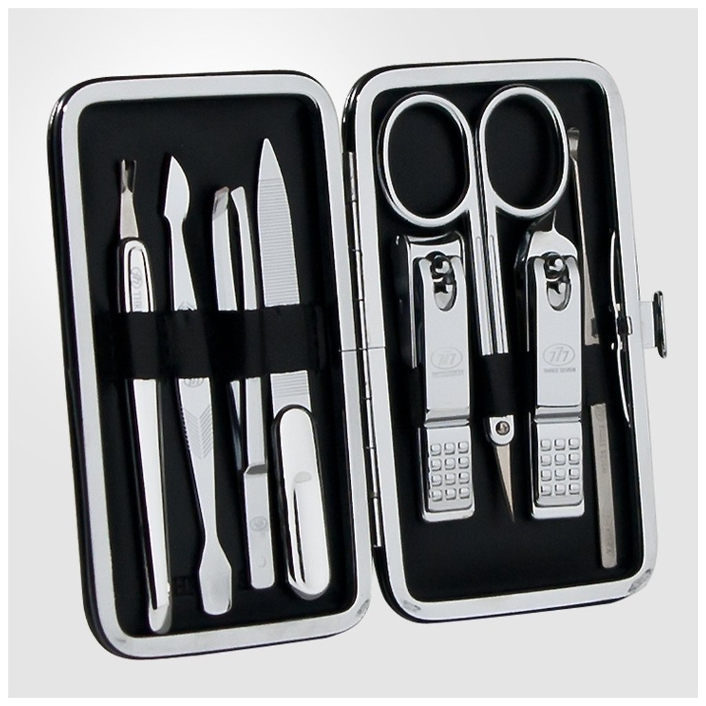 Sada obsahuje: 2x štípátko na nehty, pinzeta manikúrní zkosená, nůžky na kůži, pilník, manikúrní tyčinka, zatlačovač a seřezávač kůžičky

——————

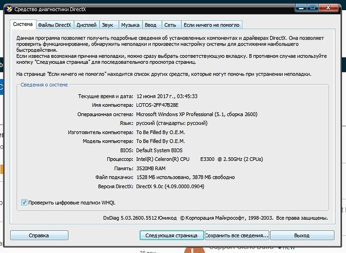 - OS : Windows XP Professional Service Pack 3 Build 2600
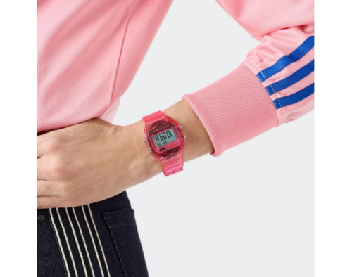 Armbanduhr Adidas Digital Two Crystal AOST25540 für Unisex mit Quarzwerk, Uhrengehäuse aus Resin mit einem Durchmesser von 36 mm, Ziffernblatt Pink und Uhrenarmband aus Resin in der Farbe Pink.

——————

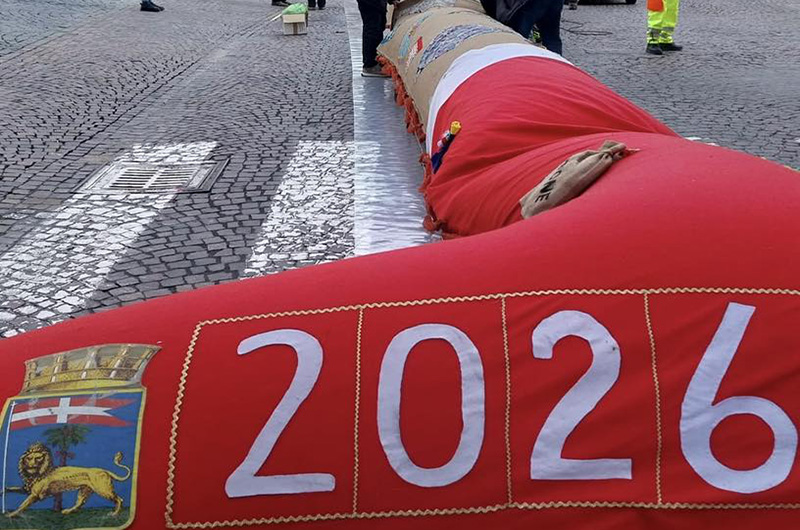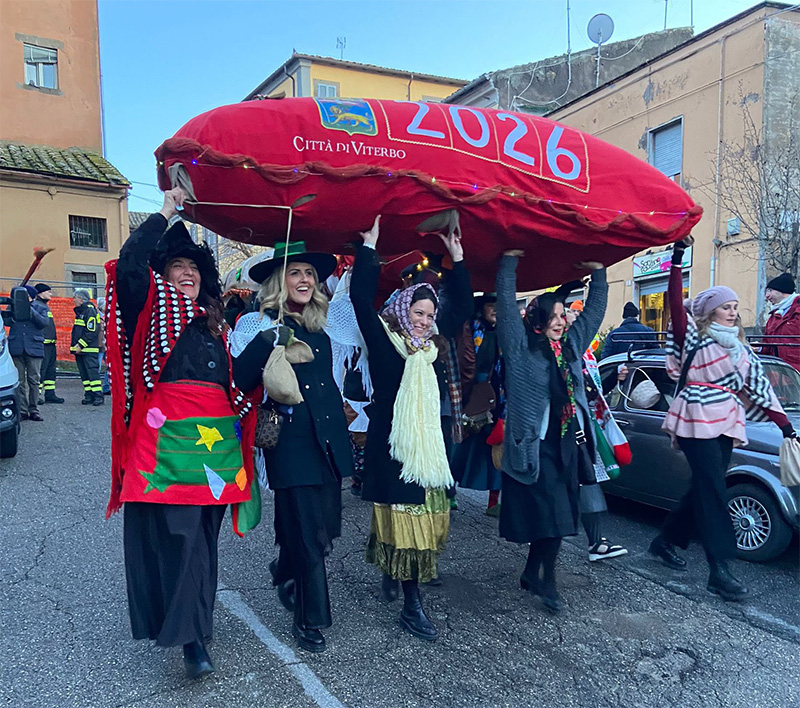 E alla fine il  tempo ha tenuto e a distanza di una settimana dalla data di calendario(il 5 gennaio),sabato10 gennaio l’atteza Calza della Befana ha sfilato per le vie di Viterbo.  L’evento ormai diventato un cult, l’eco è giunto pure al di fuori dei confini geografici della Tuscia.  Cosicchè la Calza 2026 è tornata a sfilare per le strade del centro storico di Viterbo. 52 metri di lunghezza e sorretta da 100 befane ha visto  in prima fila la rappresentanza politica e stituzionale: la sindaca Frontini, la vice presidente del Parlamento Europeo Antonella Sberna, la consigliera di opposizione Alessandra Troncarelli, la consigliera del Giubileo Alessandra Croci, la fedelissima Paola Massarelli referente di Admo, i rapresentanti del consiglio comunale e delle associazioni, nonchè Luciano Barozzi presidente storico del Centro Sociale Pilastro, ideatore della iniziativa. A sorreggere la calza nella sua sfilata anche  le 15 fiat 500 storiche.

——————

**Instructions for the task:** Only one stretch of the material above is wanted: the line containing "- OS : Windows" through the line containing "Armbanduhr Adidas Digital". Restate it word for word, minus the pictures.

**Solution to the exercise:**
 - OS : Windows XP Professional Service Pack 3 Build 2600
 Armbanduhr Adidas Digital Two Crystal AOST25540 für Unisex mit Quarzwerk, Uhrengehäuse aus Resin mit einem Durchmesser von 36 mm, Ziffernblatt Pink und Uhrenarmband aus Resin in der Farbe Pink.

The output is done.